◆ Records for the exercise
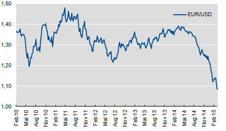 Seit Anfang 2014 hat der Euro gegenüber dem US-Dollar rund 30% an Wert verloren (siehe Grafik). Diese Tatsache wirkt wie eine Konjunkturspritze, da exportorientierte Firmen an den Weltmärkten somit einen erheblichen Vorteil in der Preisgestaltung aufweisen.
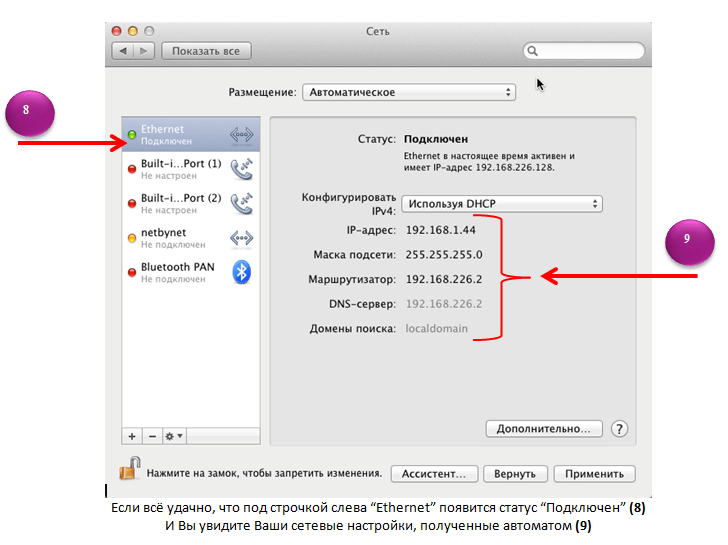 9. Вы увидите ваши сетевые настройки, полученные автоматом.
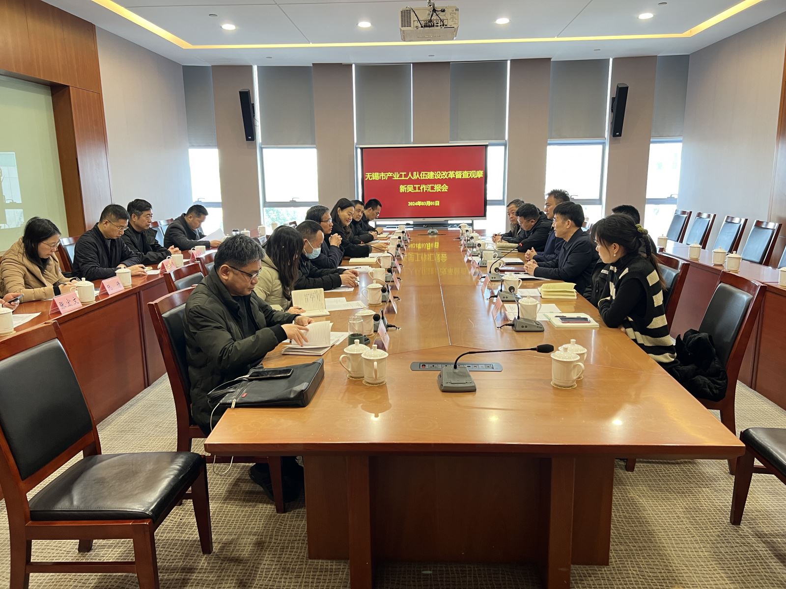 在产改工作汇报会上,市产改观摩组听取了新吴区2023年度产改工作情况的汇报,并现场查阅台账资料。2023年,
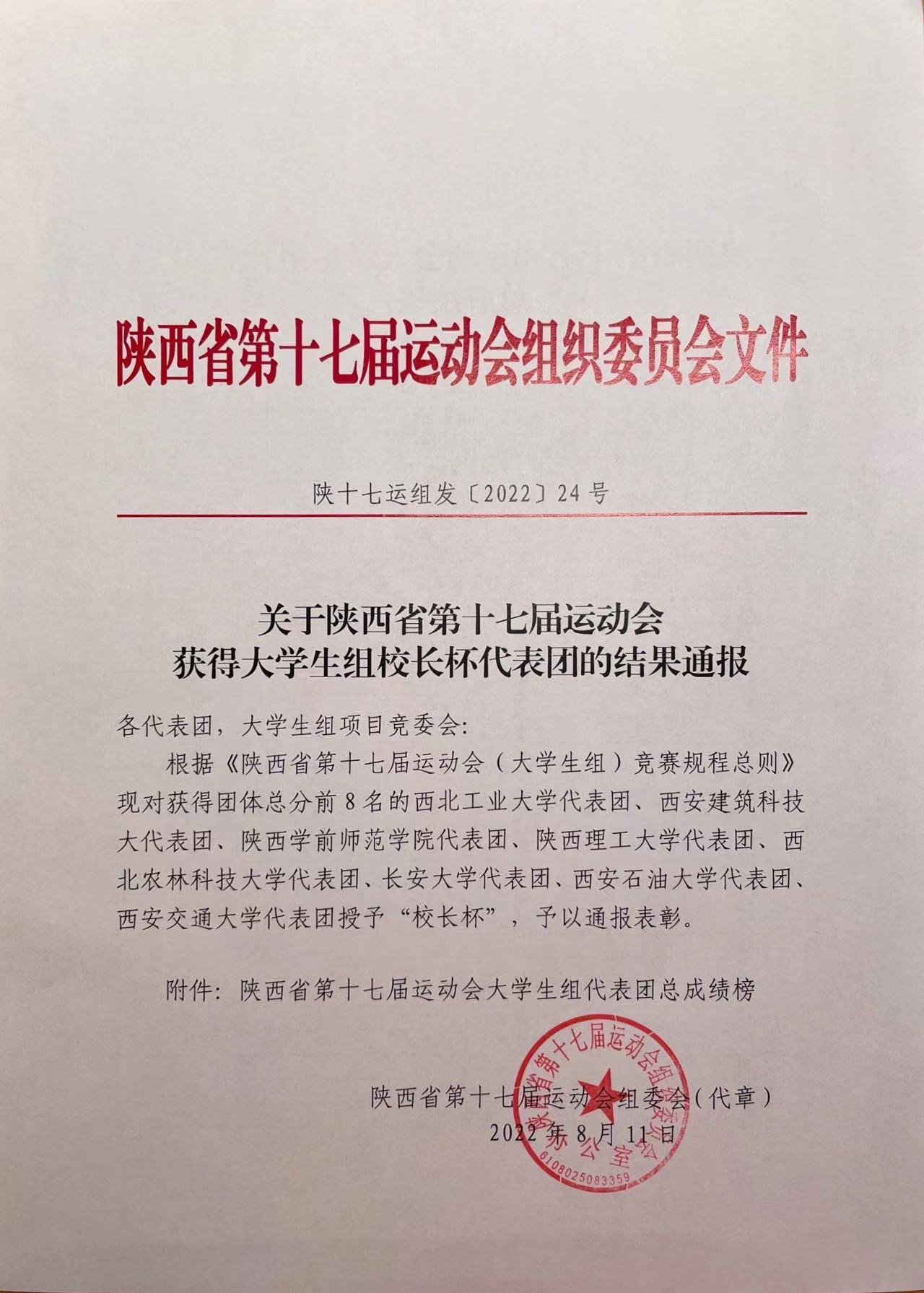 8月11日晚,陕西省第十七届运动会在榆林市体育中心圆满落下帷幕。本届运动会是陕西省参赛人数最多、办赛规模最大、项目设置最全的一届运动会,来自省内32所高校的1200名大学生参赛。荣耀体育最新官方以团体总分168分的优异成绩排名陕西省大学生组第三名,荣获“校长杯”和“体育道德风尚奖”。
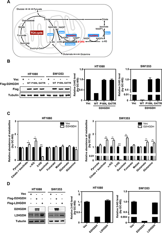 Figure 1: Ectopic expression of D2HGDH reduces D-2-HG in IDH-mutated cancer cells. (A) A scheme of metabolic pathways involved in D-2-HG metabolism. (B) D2HGDH overexpression reduces D-2-HG production in IDH mutant cells. Flag-tagged wild-type or mutant D2HGDH was stably overexpressed in HT1080 and SW1353 cells as indicated. The ectopically expressed proteins were determined by western blot analysis (left panel). Tubulin was used as a loading control. The intracellular concentration of 2-HG was determined by GC-MS analysis as described in “Method” (middle and right panels). (C) D2HGDH overexpression increases α-KG levels in IDH mutant cells. Intracellular concentrations of α-KG and other metabolites were determined by GC-MS analysis. (D) The effect of 2HGDH on reducing 2-HG is chiral-specific. Flag-tagged D2HGDH or L2HGDH was stably overexpressed in HT1080 and SW1353 cells. The ectopically expressed protein levels were determined by western blot analysis. The L2HGDH antibody likely recognizes the endogenous protein. Shown are average values with standard error (SEM) of triplicated experiments. *denotes p < 0.05, **denotes p < 0.01, and ***denotes p < 0.001 for the indicated comparison.
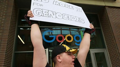 People take part in a demonstration in New York, US in support of the Palestinian people
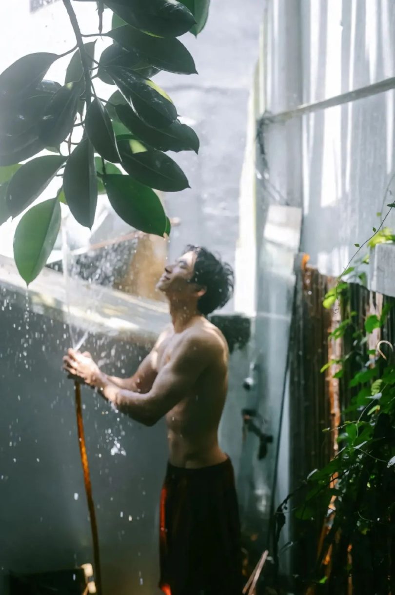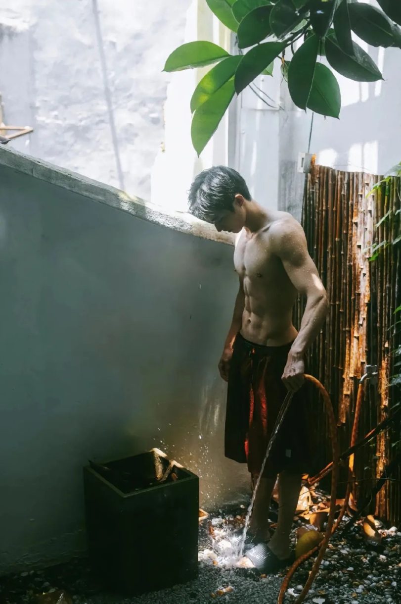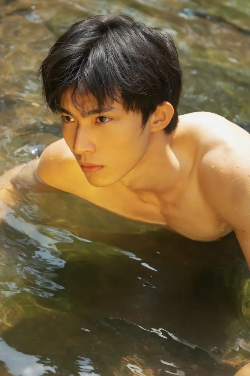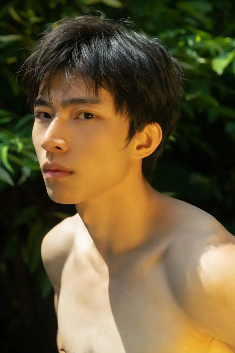 少年站在淋浴喷洒的水柱下,闭上双眼,仰头感受这片刻的清凉。他的微笑宛如阳光刺破云层,纯粹而温暖,令人不禁为这短暂而恒久的夏日瞬间感到怦然心动。 夏日的气息在这里定格,伴随着少年的自由与无拘。他的一举一动,流露出青春的无畏与自信,而那匀称结实的腹肌,则是他挥洒汗水后的骄傲勋章。在这片片绿叶和阳光的见证下,他成为夏日的化身,既是蓬勃生命的象征,也是无尽美好的代名词。
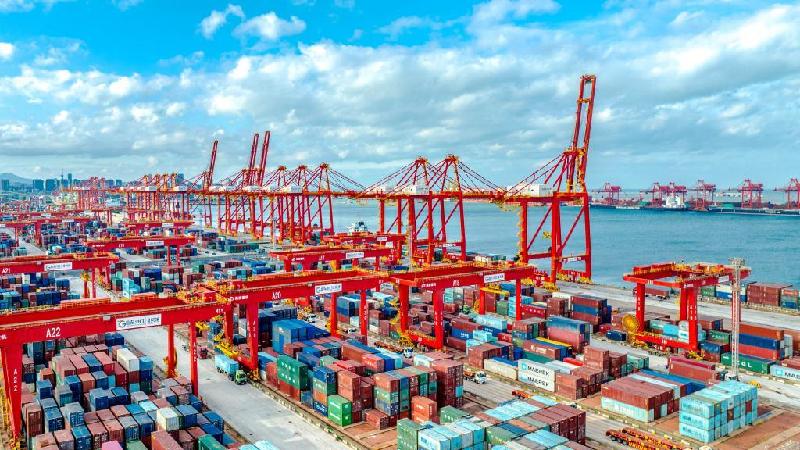 ??這是山東港口日照港的集裝箱碼頭(無人機(jī)照片)。
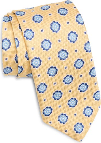 Colorful floral medallions bring smart, neat detailing to a tie crafted from a textured silk blend that adds polish and distinction to any elevated or semiformal look. It pairs well with smoother fabrics and solid colors, but there's always room for mixing patterns and textures to define your personal style.
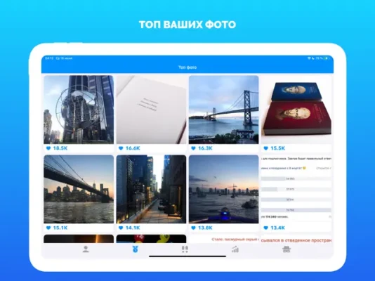 Приложение показывает активность на вашей странице ВК. Смотрите топ Ваших фото, рейтинг и многое другое!
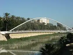 Mehrere Brücken führen über den Segura, darunter die Puente de los Peligros (Brücke der Gefahren), eine Steinbrücke aus dem 18. Jahrhundert mit einer Marienkapelle auf einer Seite, sowie moderne Brücken, die von Santiago Calatrava und Javier Manterola entworfen wurden und die Stahlbrücke Puente Nuevo aus dem frühen 20. Jahrhundert.
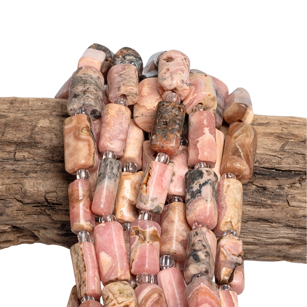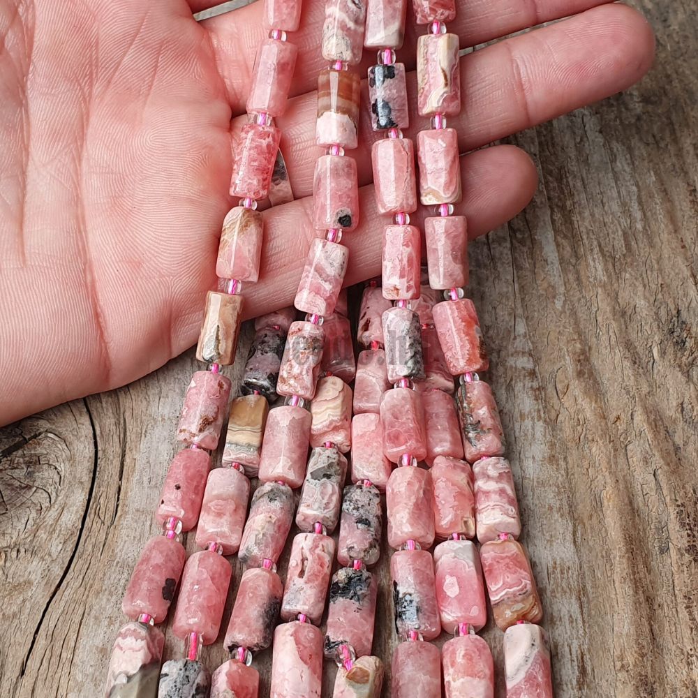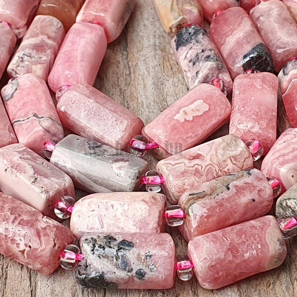 - Rodokrozit gyöngyök hengerek fényes félhosszú zsinór

◆ Task objective
The reply should hold only the lines running from the top of the records to the line containing "在产改工作汇报会上,市产改观", both included, copied exactly with no pictures.

◆ Answer to this problem
 Seit Anfang 2014 hat der Euro gegenüber dem US-Dollar rund 30% an Wert verloren (siehe Grafik). Diese Tatsache wirkt wie eine Konjunkturspritze, da exportorientierte Firmen an den Weltmärkten somit einen erheblichen Vorteil in der Preisgestaltung aufweisen.
 9. Вы увидите ваши сетевые настройки, полученные автоматом.
 在产改工作汇报会上,市产改观摩组听取了新吴区2023年度产改工作情况的汇报,并现场查阅台账资料。2023年,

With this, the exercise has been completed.